» Description of the task
Copy out the listing below exactly, please, and skip any pictures.

» Source data
--- START ---
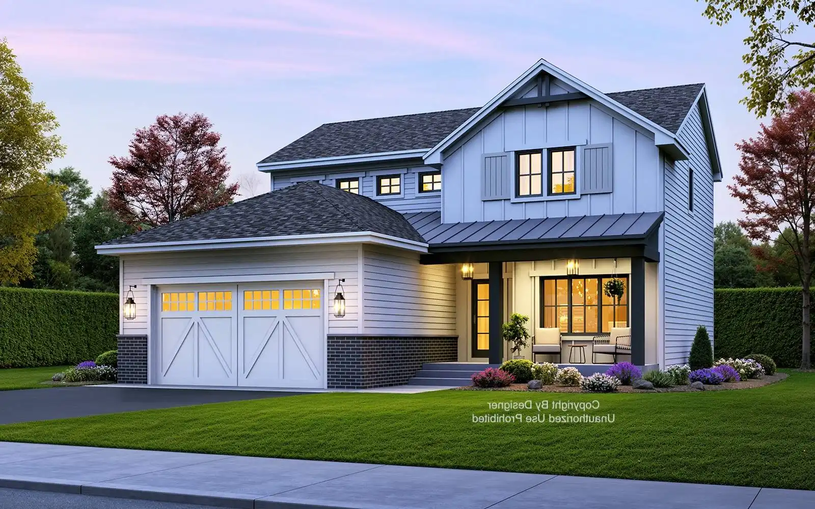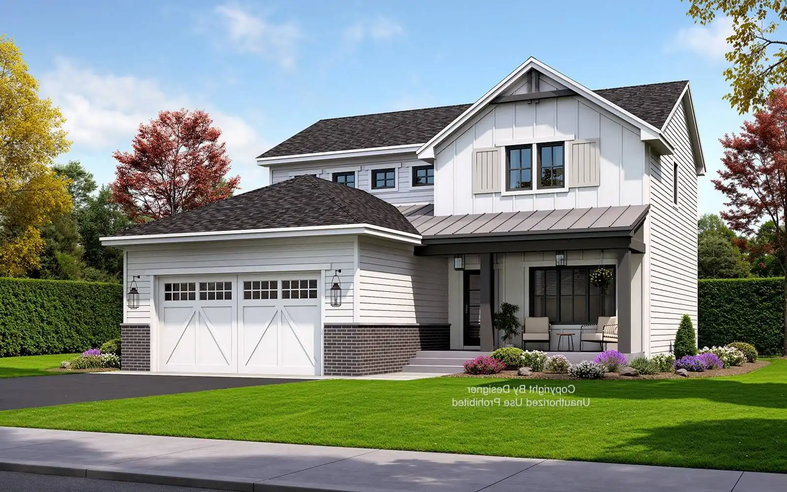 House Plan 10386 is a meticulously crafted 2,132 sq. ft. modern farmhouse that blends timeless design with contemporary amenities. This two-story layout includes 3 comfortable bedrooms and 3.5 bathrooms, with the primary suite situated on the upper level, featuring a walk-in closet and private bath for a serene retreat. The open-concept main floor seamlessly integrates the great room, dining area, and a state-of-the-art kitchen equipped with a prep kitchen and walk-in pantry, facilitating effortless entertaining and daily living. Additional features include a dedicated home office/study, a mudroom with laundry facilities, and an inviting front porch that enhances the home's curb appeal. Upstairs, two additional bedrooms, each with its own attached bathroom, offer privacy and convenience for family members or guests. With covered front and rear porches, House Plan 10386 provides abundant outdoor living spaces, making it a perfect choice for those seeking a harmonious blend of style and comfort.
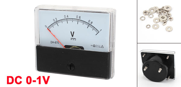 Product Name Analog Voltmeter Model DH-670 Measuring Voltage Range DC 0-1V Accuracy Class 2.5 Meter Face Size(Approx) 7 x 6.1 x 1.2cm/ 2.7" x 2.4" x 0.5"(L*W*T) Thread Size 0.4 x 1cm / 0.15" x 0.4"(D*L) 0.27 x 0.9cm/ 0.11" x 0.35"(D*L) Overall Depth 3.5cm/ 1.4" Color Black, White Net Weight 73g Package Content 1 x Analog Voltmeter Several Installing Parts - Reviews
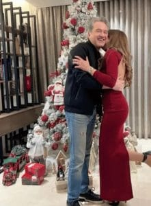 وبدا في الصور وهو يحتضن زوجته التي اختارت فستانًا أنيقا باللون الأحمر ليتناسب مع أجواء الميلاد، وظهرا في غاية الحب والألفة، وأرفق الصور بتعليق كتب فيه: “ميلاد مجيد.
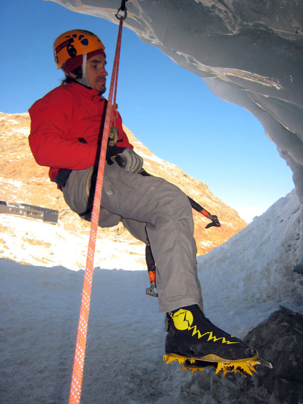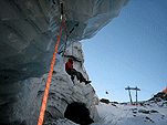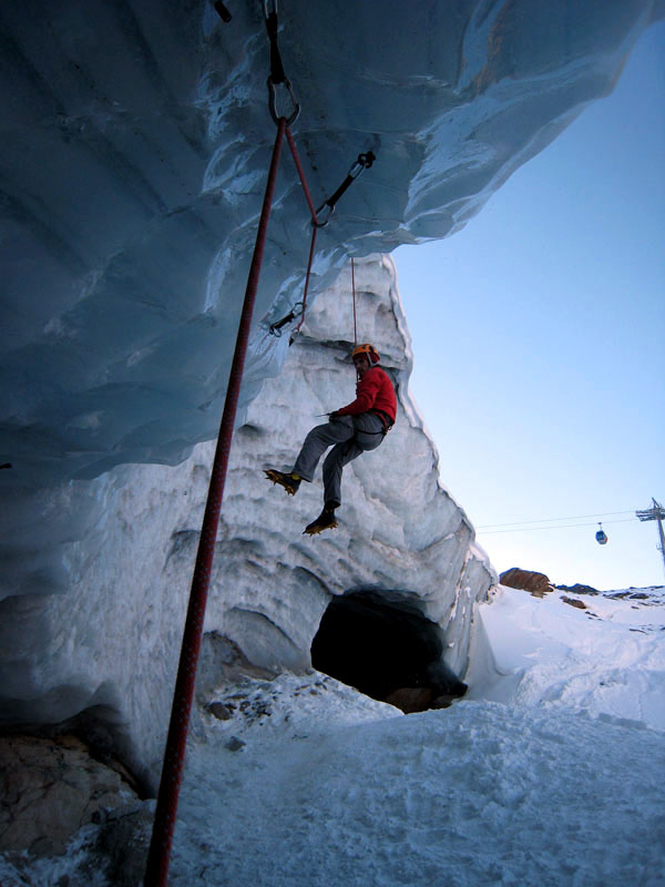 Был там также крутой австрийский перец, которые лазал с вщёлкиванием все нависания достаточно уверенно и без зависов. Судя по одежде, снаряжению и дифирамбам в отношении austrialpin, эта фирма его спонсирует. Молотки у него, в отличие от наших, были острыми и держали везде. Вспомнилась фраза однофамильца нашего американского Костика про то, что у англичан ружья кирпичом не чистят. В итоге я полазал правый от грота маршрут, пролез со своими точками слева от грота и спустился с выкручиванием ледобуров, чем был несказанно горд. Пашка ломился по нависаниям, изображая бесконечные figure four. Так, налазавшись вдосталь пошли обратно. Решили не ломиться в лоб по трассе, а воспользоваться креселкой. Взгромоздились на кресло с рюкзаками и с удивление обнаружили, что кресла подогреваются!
--- END ---
» Finished exercise
 House Plan 10386 is a meticulously crafted 2,132 sq. ft. modern farmhouse that blends timeless design with contemporary amenities. This two-story layout includes 3 comfortable bedrooms and 3.5 bathrooms, with the primary suite situated on the upper level, featuring a walk-in closet and private bath for a serene retreat. The open-concept main floor seamlessly integrates the great room, dining area, and a state-of-the-art kitchen equipped with a prep kitchen and walk-in pantry, facilitating effortless entertaining and daily living. Additional features include a dedicated home office/study, a mudroom with laundry facilities, and an inviting front porch that enhances the home's curb appeal. Upstairs, two additional bedrooms, each with its own attached bathroom, offer privacy and convenience for family members or guests. With covered front and rear porches, House Plan 10386 provides abundant outdoor living spaces, making it a perfect choice for those seeking a harmonious blend of style and comfort.
 Product Name Analog Voltmeter Model DH-670 Measuring Voltage Range DC 0-1V Accuracy Class 2.5 Meter Face Size(Approx) 7 x 6.1 x 1.2cm/ 2.7" x 2.4" x 0.5"(L*W*T) Thread Size 0.4 x 1cm / 0.15" x 0.4"(D*L) 0.27 x 0.9cm/ 0.11" x 0.35"(D*L) Overall Depth 3.5cm/ 1.4" Color Black, White Net Weight 73g Package Content 1 x Analog Voltmeter Several Installing Parts - Reviews
 وبدا في الصور وهو يحتضن زوجته التي اختارت فستانًا أنيقا باللون الأحمر ليتناسب مع أجواء الميلاد، وظهرا في غاية الحب والألفة، وأرفق الصور بتعليق كتب فيه: “ميلاد مجيد.
 Был там также крутой австрийский перец, которые лазал с вщёлкиванием все нависания достаточно уверенно и без зависов. Судя по одежде, снаряжению и дифирамбам в отношении austrialpin, эта фирма его спонсирует. Молотки у него, в отличие от наших, были острыми и держали везде. Вспомнилась фраза однофамильца нашего американского Костика про то, что у англичан ружья кирпичом не чистят. В итоге я полазал правый от грота маршрут, пролез со своими точками слева от грота и спустился с выкручиванием ледобуров, чем был несказанно горд. Пашка ломился по нависаниям, изображая бесконечные figure four. Так, налазавшись вдосталь пошли обратно. Решили не ломиться в лоб по трассе, а воспользоваться креселкой. Взгромоздились на кресло с рюкзаками и с удивление обнаружили, что кресла подогреваются!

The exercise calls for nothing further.